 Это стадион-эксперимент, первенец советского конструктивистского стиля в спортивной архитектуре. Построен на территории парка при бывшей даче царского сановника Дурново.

^^^^^^^^^^^^^^^^

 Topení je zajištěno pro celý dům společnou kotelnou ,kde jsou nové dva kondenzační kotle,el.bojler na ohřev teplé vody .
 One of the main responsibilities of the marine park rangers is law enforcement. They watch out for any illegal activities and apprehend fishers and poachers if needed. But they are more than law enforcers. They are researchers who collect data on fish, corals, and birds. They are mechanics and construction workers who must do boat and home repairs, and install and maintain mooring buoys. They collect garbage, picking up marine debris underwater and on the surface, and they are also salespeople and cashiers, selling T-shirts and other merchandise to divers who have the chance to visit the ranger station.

^^^^^^^^^^^^^^^^

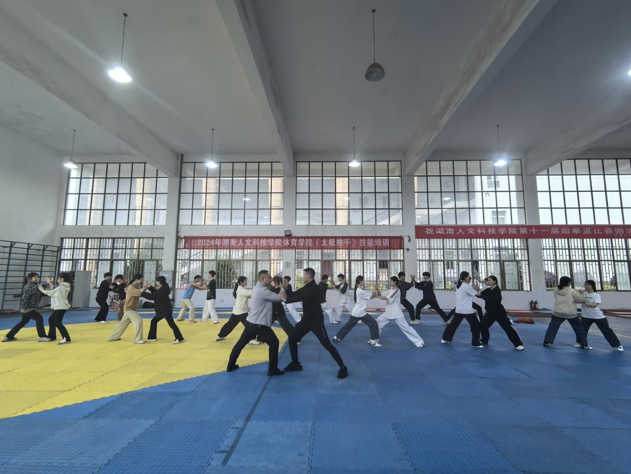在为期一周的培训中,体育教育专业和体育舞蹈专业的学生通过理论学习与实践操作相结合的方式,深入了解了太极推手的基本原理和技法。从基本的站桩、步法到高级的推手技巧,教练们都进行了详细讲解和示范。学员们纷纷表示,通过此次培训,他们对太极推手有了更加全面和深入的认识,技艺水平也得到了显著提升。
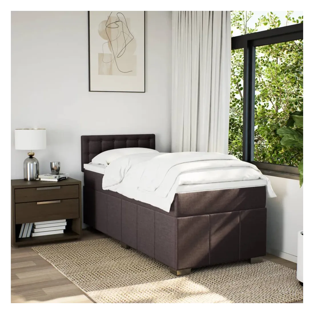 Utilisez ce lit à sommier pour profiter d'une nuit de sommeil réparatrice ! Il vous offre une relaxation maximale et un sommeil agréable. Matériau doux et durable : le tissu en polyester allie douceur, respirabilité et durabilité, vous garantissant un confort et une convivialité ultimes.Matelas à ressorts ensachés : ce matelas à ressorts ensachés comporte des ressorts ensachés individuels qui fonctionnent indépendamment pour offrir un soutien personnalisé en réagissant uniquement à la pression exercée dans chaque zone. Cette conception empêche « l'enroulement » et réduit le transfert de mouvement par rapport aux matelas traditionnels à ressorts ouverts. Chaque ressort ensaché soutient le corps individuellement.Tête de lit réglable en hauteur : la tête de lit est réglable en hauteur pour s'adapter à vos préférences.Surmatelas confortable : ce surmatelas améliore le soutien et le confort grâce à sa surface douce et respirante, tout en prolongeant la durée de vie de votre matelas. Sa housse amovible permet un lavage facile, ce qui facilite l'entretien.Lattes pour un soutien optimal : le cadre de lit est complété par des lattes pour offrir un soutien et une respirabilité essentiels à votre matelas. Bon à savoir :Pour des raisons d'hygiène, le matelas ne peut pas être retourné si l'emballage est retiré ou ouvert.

^^^^^^^^^^^^^^^^

WHAT TO PRODUCE
The response should hold exactly the lines starting at the line with "Topení je zajištěno" and ending at the line with "One of the main", and no other line of the material above.

TASK SOLUTION
 Topení je zajištěno pro celý dům společnou kotelnou ,kde jsou nové dva kondenzační kotle,el.bojler na ohřev teplé vody .
 One of the main responsibilities of the marine park rangers is law enforcement. They watch out for any illegal activities and apprehend fishers and poachers if needed. But they are more than law enforcers. They are researchers who collect data on fish, corals, and birds. They are mechanics and construction workers who must do boat and home repairs, and install and maintain mooring buoys. They collect garbage, picking up marine debris underwater and on the surface, and they are also salespeople and cashiers, selling T-shirts and other merchandise to divers who have the chance to visit the ranger station.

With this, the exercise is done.